» WHAT YOU SHOULD DO: Could you repeat the listing below exactly while leaving its pictures behind?

» INFORMATION SUPPLIED:
---
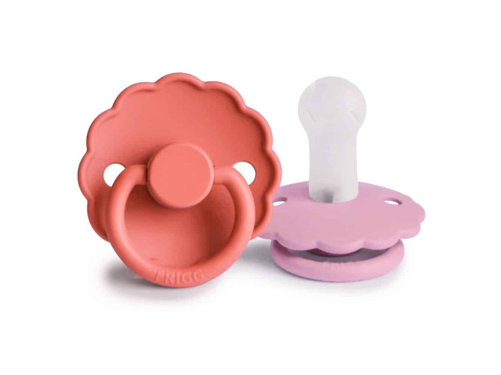 Cumlíky FRIGG Daisy s vrúbkovanými okrajmi, ktoré napodobňujú lupene kvetov, sú podstatou elegantného dizajnu. Kvetinové a moderné detaily upútajú pozornosť každej štýlovo orientovanej mamičky. Vďaka tomu sa FRIGG perfektne hodí pre dnešné matky, ktoré pri výbere základných potrieb pre bábätko prikladajú veľký význam klasickému dizajnu s modernými prvkami. Cumlík FRIGG Daisy plný šarmu je dostupný v monochromatických aj zmiešaných farbách. FRIGG predstavuje novú farbu: LUPINE & POPPY Kvet vlčieho bôbu s týčiacimi sa hrotmi zdobenými zhlukmi kvetov podobných hrášku je skutočným vizuálnym potešením a inšpiráciou pre túto novú farbu FRIGG; veľmi pekný fialový pastelový odtieň. Fascinujúci kvet lupiny vnáša do dizajnu FRIGG Daisy nádych podmanivej krásy. FRIGG Daisy je cumlík s okrúhlym tvarom. Okrúhly cumlík tvarom aj materiálom pripomína materinský prsník. Vysvetlením je, že keď sa dieťa chystá dojčiť, jazyk sa zroluje okolo bradavky a vytvorí podtlak, ktorý spôsobí tok mlieka. Keď dieťa saje okrúhly cumlík, gúľa okolo neho jazyk rovnako. Okrúhly tvar odporúčajú detskí chiropraktici a pôrodnice v Dánsku. Detaily cumlíka FRIGG:
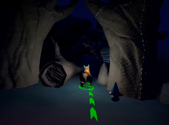 The theme is"It takes 2" and you'll soon realize that it definitely takes two characters (you and your imaginary carnotaurus pet) to find your way home in this dark forest.
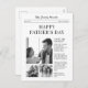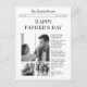 Diga Feliz Día del Padre con esta tarjeta de felicitación al estilo de un periódico. Personalizable completo para que puedas ser creativo y crear un keepsake personalizado que a papá le encantará. Presentando el texto "Feliz Día del Padre" y un mensaje de amor y fotos familiares. Diseñado para parecerse a un periódico vintage, cuenta con titulares personalizados, texto y la foto de su elección. Más que una carta normal, es un placer para papá por la vida. En blanco para tus firmas personales escritas a mano.
---
» RESPONSE TO THE TASK:
 Cumlíky FRIGG Daisy s vrúbkovanými okrajmi, ktoré napodobňujú lupene kvetov, sú podstatou elegantného dizajnu. Kvetinové a moderné detaily upútajú pozornosť každej štýlovo orientovanej mamičky. Vďaka tomu sa FRIGG perfektne hodí pre dnešné matky, ktoré pri výbere základných potrieb pre bábätko prikladajú veľký význam klasickému dizajnu s modernými prvkami. Cumlík FRIGG Daisy plný šarmu je dostupný v monochromatických aj zmiešaných farbách. FRIGG predstavuje novú farbu: LUPINE & POPPY Kvet vlčieho bôbu s týčiacimi sa hrotmi zdobenými zhlukmi kvetov podobných hrášku je skutočným vizuálnym potešením a inšpiráciou pre túto novú farbu FRIGG; veľmi pekný fialový pastelový odtieň. Fascinujúci kvet lupiny vnáša do dizajnu FRIGG Daisy nádych podmanivej krásy. FRIGG Daisy je cumlík s okrúhlym tvarom. Okrúhly cumlík tvarom aj materiálom pripomína materinský prsník. Vysvetlením je, že keď sa dieťa chystá dojčiť, jazyk sa zroluje okolo bradavky a vytvorí podtlak, ktorý spôsobí tok mlieka. Keď dieťa saje okrúhly cumlík, gúľa okolo neho jazyk rovnako. Okrúhly tvar odporúčajú detskí chiropraktici a pôrodnice v Dánsku. Detaily cumlíka FRIGG:
 The theme is"It takes 2" and you'll soon realize that it definitely takes two characters (you and your imaginary carnotaurus pet) to find your way home in this dark forest.
 Diga Feliz Día del Padre con esta tarjeta de felicitación al estilo de un periódico. Personalizable completo para que puedas ser creativo y crear un keepsake personalizado que a papá le encantará. Presentando el texto "Feliz Día del Padre" y un mensaje de amor y fotos familiares. Diseñado para parecerse a un periódico vintage, cuenta con titulares personalizados, texto y la foto de su elección. Más que una carta normal, es un placer para papá por la vida. En blanco para tus firmas personales escritas a mano.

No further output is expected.